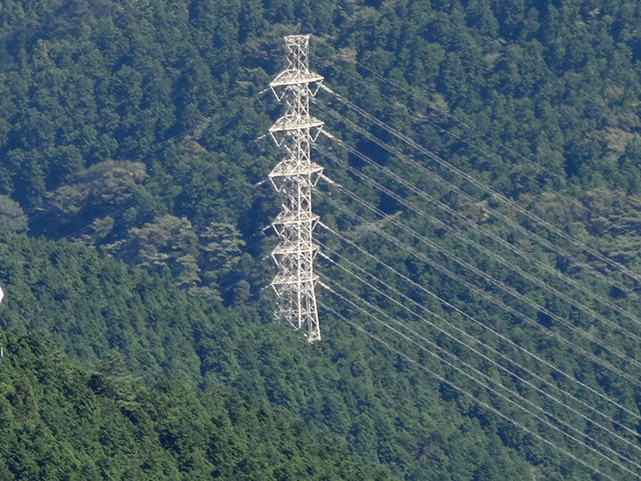 秦浜線は筆者の師であるS沢氏の資料によると、新秦野変電所を起点に中相模変電所を経由し、京浜変電所を結ぶ275kVの送電線です。9号鉄塔は丹沢大山の南、浅間山と高取山を結ぶ尾根上にあり、この尾根を東西に越えていくため、ひときわ標高の高い位置となり、浅間山や高取山を同定するときのランドマークとして利用できます。
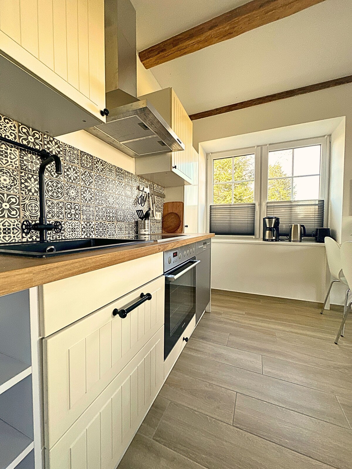 The attic of this beautiful Gründerzeit house opens on both sides. Facing west with a breathtaking view over the harbour and the old town of Flensburg. To the east into the tranquil captain’s district and to St. Jürgen. Two balconies offer sunny places at any time of the day, inside you can expect stylishly renovated rooms, fireplace, a black designer kitchen...
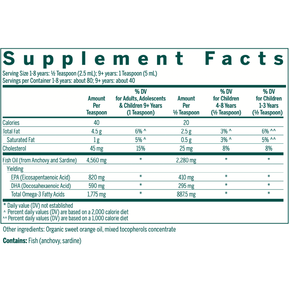 Children (1-8 years): Take ½ teaspoon daily with a meal or as recommended by your healthcare practitioner.

Activity: For your answer, write out the data exactly and drop every picture.

Exercise output:
 秦浜線は筆者の師であるS沢氏の資料によると、新秦野変電所を起点に中相模変電所を経由し、京浜変電所を結ぶ275kVの送電線です。9号鉄塔は丹沢大山の南、浅間山と高取山を結ぶ尾根上にあり、この尾根を東西に越えていくため、ひときわ標高の高い位置となり、浅間山や高取山を同定するときのランドマークとして利用できます。
 The attic of this beautiful Gründerzeit house opens on both sides. Facing west with a breathtaking view over the harbour and the old town of Flensburg. To the east into the tranquil captain’s district and to St. Jürgen. Two balconies offer sunny places at any time of the day, inside you can expect stylishly renovated rooms, fireplace, a black designer kitchen...
 Children (1-8 years): Take ½ teaspoon daily with a meal or as recommended by your healthcare practitioner.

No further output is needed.